In both tasks, the procedure of a single trial was identical, and any given trial represented an object reward discrimination between two clipart objects. At the start of a trial, two stimuli were displayed on the left and right of the screen, on the vertical midline, and equidistant from the center point. Any such pair of stimuli constituted a problem, in which one image was rewarded and one was not rewarded. The left–right position of these stimuli was determined at random for each trial. The monkey made a choice by touching the screen within the 128 × 128 pixel area of one of the stimuli. A correct response elicited immediate visual feedback, comprising the presentation of just the rewarded stimulus on the screen for 1 s, as well as an immediate reward pellet or, if the response was the final correct response of a session, the large food reward (see apparatus above). An incorrect response elicited no feedback, and the screen was immediately blanked of stimuli. No reward pellet was dispensed. Trials were separated by an intertrial interval of 5 s after a correct choice and 10 s after an incorrect choice. Any touch to the screen during this intertrial interval reset the interval.
Experiment 1.
Throughout the experiment, discriminations were learned concurrently in sets of 10 problems. Each presentation of the 10 problems comprised a block of trials in which each of the problems was presented exactly once in an order that was randomized for each new block. A session of training consisted of 20 of these blocks and hence 200 trials. If the 200th trial was a correct response, then it opened the lunchbox revealing the large food reward. If the 200th response was incorrect, however, additional trials were presented, and the lunchbox was opened after the next correct response. Thus, the monkey only ever received the large food reward after a correct response. Monkeys continued daily sessions at one stage of training until a criterion of 90% correct choices within a session was reached, with an additional criterion that each monkey must perform a minimum of two sessions at each stage of training. The day after reaching criterion at a stage, the monkey began training on the next stage.

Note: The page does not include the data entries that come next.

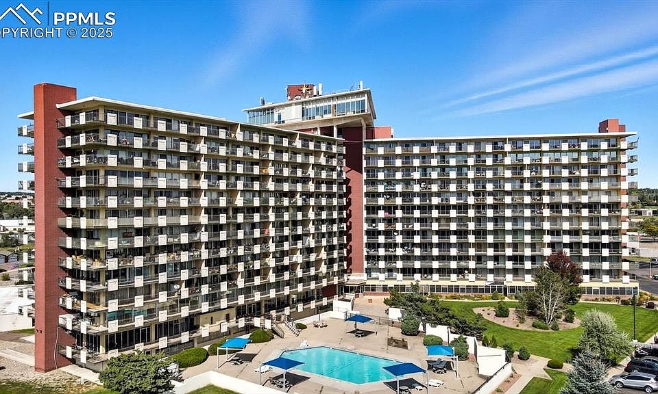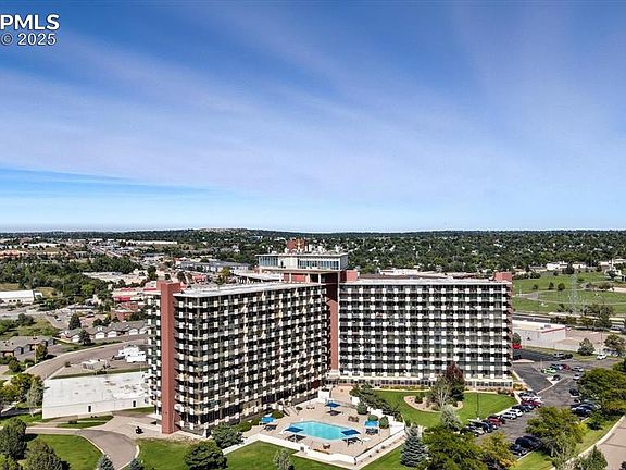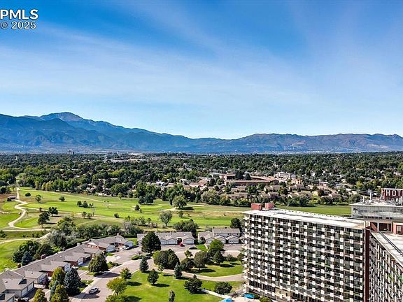 Enjoy a fabulous opportunity to own a truly distinctive 1-bedroom, 1-bathroom condo in one of the area's most iconic buildings. Nestled in the historic Satellite Hotel, this unit offers endless potential and panoramic views that will leave you speechless. Step onto the expansive covered balcony and take in unobstructed vistas of snowcapped Pikes Peak, the majestic Front Range, golf course, and sparkling city lights at sunset. Whether you're enjoying your morning coffee or entertaining guests in the evening, this outdoor space is a showstopper. Inside, the condo features a light-filled, open floor plan perfect for relaxing or hosting. The spacious living room flows seamlessly to the balcony, while the kitchen includes a smooth-top range, vent hood, and refrigerator. The generously sized bedroom boasts a walk-in closet and private access to the balcony, and the full bathroom offers a tiled tub/shower combo and vanity. This unit is a blank canvas, ready for your personal touch. With central air and hot water heat, year-round comfort is guaranteed. Private locked cabinets on the balcony provide extra storage, and the building’s incredible amenities elevate everyday living: enjoy access to a pool, sauna, gym, billiard room, library, tennis courts, bar, restaurant, spa, laundry facilities, and security. All utilities (electricity, heat, and water) are included in the monthly HOA dues. Located near the Valley Hi Golf Course, this condo is just minutes from local shopping, dining, entertainment, and major landmarks like downtown Colorado Springs, Garden of the Gods, Palmer Park, & the US Olympic Training Center. It also offers easy access to military installations, making it an ideal choice for those seeking convenience and scenic living. This delightful condominium offers the perfect mix of charm, potential, and unbeatable views. Bring your vision and transform this diamond in the rough into your dream home.
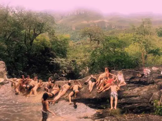 A Chapada dos Veadeiros é o destino perfeito para quem curte cachoeiras, pássaros, esportes radicais e até meditação. Esse foi o lugar escolhido por Gabriel Leone, de “Velho Chico”, a atriz e apresentadora Mônica Iozzi, Carolina Abras, Carla Salle, Maurício Destri, Rael Barja, Alejandro Claveaux,  Juliana Lohmann e Ícaro Silva passarem as férias. Os atores chegaram a posar nus em uma paisagem incrível:
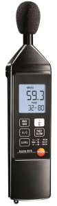The testo 815 is the ideal instrument for the evaluation of sound level in everyday work. The instrument can be used for monitoring measurements in the areas of air conditioning or heating, on combustion plants or at workplaces, however machine or discotheque noise can also be evaluated quickly and precisely. Using the Fast/slow button, the measurement time can be set from 1 s to 125 ms, in order to better evaluate the noise source. The frequency analysis can also be switched from characteristic curve A to C. The characteristic curve A corresponds to the sound pressure perception of the human ear, whereas characteristic curve C can also evaluate the low-frequency components of a sound. With the help of the optional calibrator, the measuring instrument can be recalibrated directly on site with the screwdriver provided. The wind protection cap included in delivery ensures correct measurement results when measuring outdoors, and if required can protect the microphone from dirt and dust.
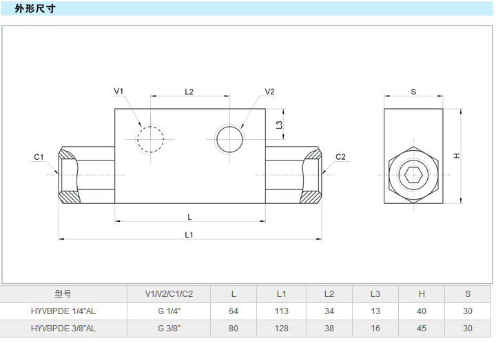 詳細信息 HYVBPDE 1/4"AL,HYVBPDE 3/8"AL,先導式雙單向閥
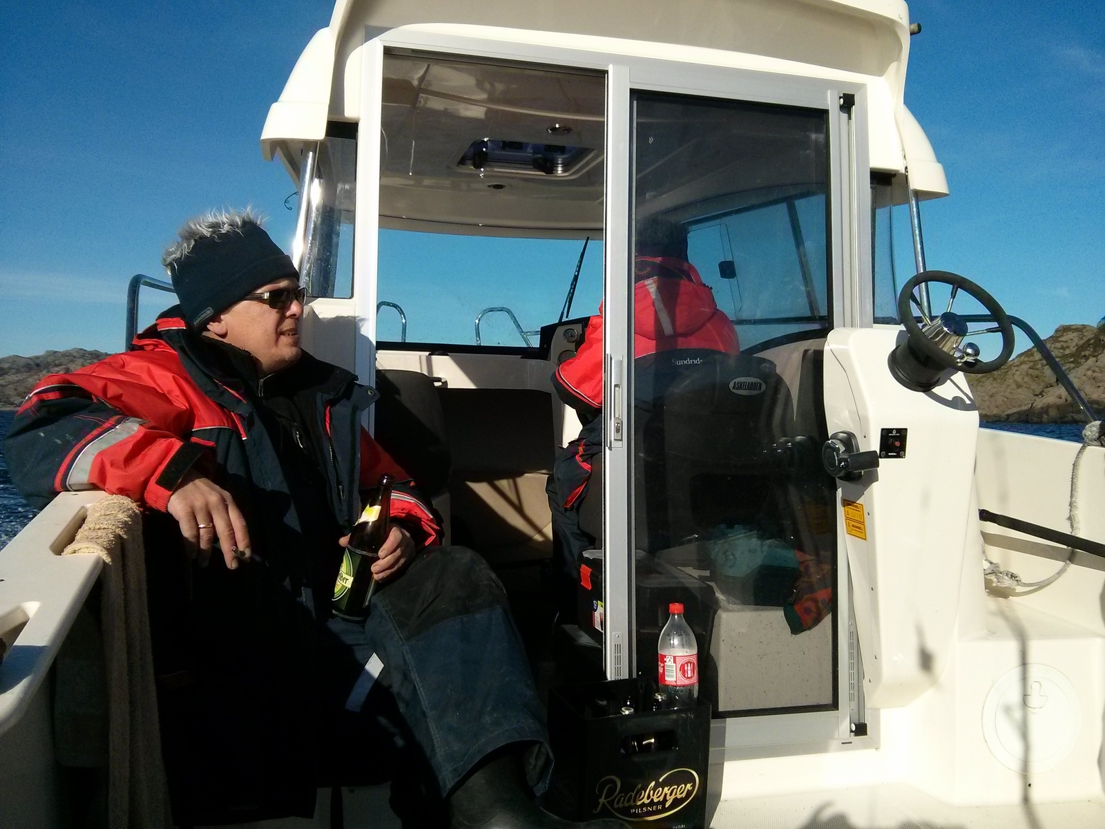 Der Wind war um die 20 - 24 km/h und Wellen um 1 Meter. Die Überfahrt am Eidsfjorden war schon nicht ohne und der Wind ließ uns leider in Richtung Land driften während das Wasser auswärts strömte. Daher hatten wir eigentlich keine Chance was zu fangen. Der Fisch stand gegen die Strömung und wir näherten uns mit unseren Ködern von hinten. Dadurch bekamen uns die Fische nicht mit.
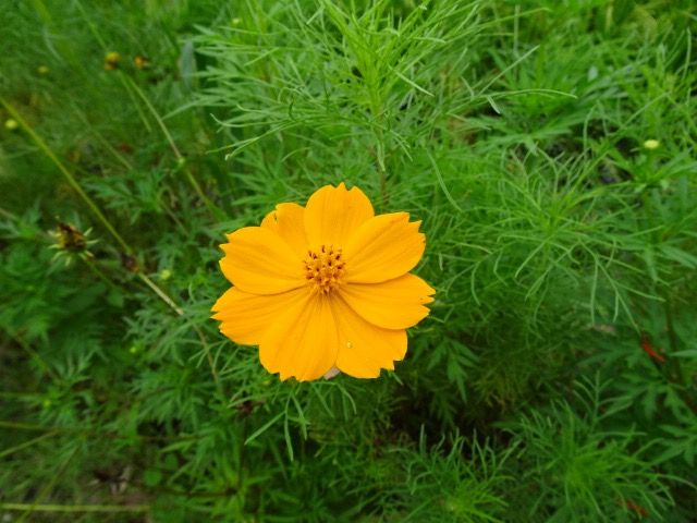 キバナコスモスが咲いていました。優しいオレンジ色の花でした。花の向こうは田んぼでした。イネに穂が出ていて、秋の雰囲気を感じる風景が広がっていました。
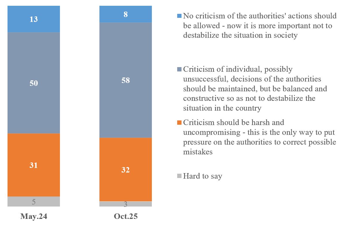 In the case of the question of the appropriateness of criticizing the actions of the authorities, we were interested in whether Ukrainians seek more harsh, uncompromising criticism, or whether they are more inclined to constructive criticism of individual actions of the authorities (or are categorically against any criticism at all). Thus, only 8% of Ukrainians believe that the government should not be criticized at all (and the share of those who think so has decreased from 13% since 2024). In contrast, 90% agree that criticism of the government should be present (an increase from 81% compared to 2024). At the same time, the majority of respondents (58% of these 90%) believe that criticism should be "balanced and constructive so as not to destabilize the situation in the country.". A minority – 32% – insists on harsh and uncompromising criticism. Compared to 2024, the share of those who insist on harsh criticism has not changed, while the share of those who insist on constructive criticism has increased.
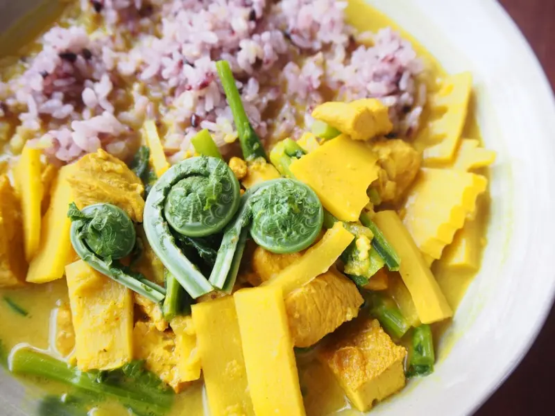 ▲月替わりカレー(本月咖哩)¥870/以當季食材與特製香料打造的道地印度咖哩。
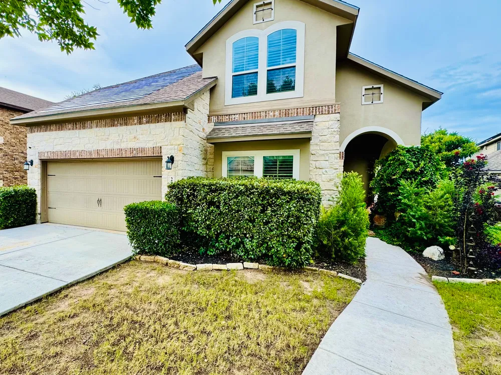 This is a stunning 4 bedroom, 2.5 bath, 2675 sq. feet, 2 car garage sitting on one of the most desirable greenbelt lots in the neighborhood with lots of privacy and beautifully landscaped. Immaculate home shows like a model home w/many upgrades to include covered porch w/full stone fireplace, outdoor kitchen, porch swing and beautiful views. Beautifully designed home w/an open floor plan, outstanding kitchen w/granite counters, tile backsplash, large island w/breakfast bar, stainless appliances, gas cooktop, double ovens, built-in microwave, dishwasher, walk-in pantry and lots of cabinets! Additional interior features include high ceilings, CF in all rooms, interior stone accents, wood exposed beams, ,shutters on front windows, blinds throughout, large family room up, master bedroom down, master bath w/separate tub and shower and tankless water heater. Additional features include sprinkler system, fencing, solar shingles, heavy composition roof, spray foam insulation, garage door opener and beautiful landscaping. This home has so much to offer so come on out and fall in love!

The experiment consisted of three stages of training. In each stage of training, the same 20 stimuli were used, used in the same 10 pairs that constituted the 10 trials in a block. The first stage was the acquisition stage (stage A), in which monkeys learned the correct responses in the 10 pairs of stimuli to criterion. The second stage was the first reversal stage (stage R1), and, at this stage, the trials consisted of the same 10 pairs of stimuli. Five of the pairs, however, had the opposite reward contingencies to the acquisition stage, in that the object that had been rewarded previously was not, whereas the previously unrewarded object was now rewarded. These trials were termed the reversed trials. The remaining five pairs retained the same contingencies as before and were termed the nonreversed trials. This ensured that no consistent rule could be applied to all of the problems with regards to reversal of reward contingencies. The reversed and nonreversed trials remained randomly ordered within each block. In a second reversal stage (stage R2), the five pairs that were nonreversed in stage R1 now had their reward contingencies reversed in a similar manner to other stimuli in stage R1, to become reversed trials in this stage. The five pairs that were reversed in stage R1 retained their reward contingencies between stages R1 and R2 and hence were nonreversed at stage R2. As such, in both stages R1 and R2, monkeys were responding to a set of 10 problems in which five had their reward contingencies reversed relative to the previous stage, and five were the same as the previous stage. Because of the pseudorandomization of the trials within each block, there was no way of knowing in advance which problems were reversed and which were not. Once the monkeys had performed stage R2 to criterion, the experiment was completed. Figure 2a gives examples of stimuli and their changing reward contingencies in the task.
Experiment 2.
Within each session, monkeys repeatedly received the same trial, with the same two stimuli (Fig. 2b) and the same reward contingencies. Monkeys had to select the rewarded object. There were three possible criteria for completion of the session. First, the monkey could make 30 consecutive correct responses. In this case, the last of these 30 responses opened the lunchbox revealing the large food reward. Second, the monkey could attain a total of 80 rewards within the session. In this case, the 80th correct response opened the lunchbox. In either of these two cases, the monkey was deemed to have reached criterion in that session. If the monkey did not reach criterion in the session, then he would work until he had performed 100 trials in total. At this point, the next correct response would open the lunchbox, the session would end, and criterion would not have been reached.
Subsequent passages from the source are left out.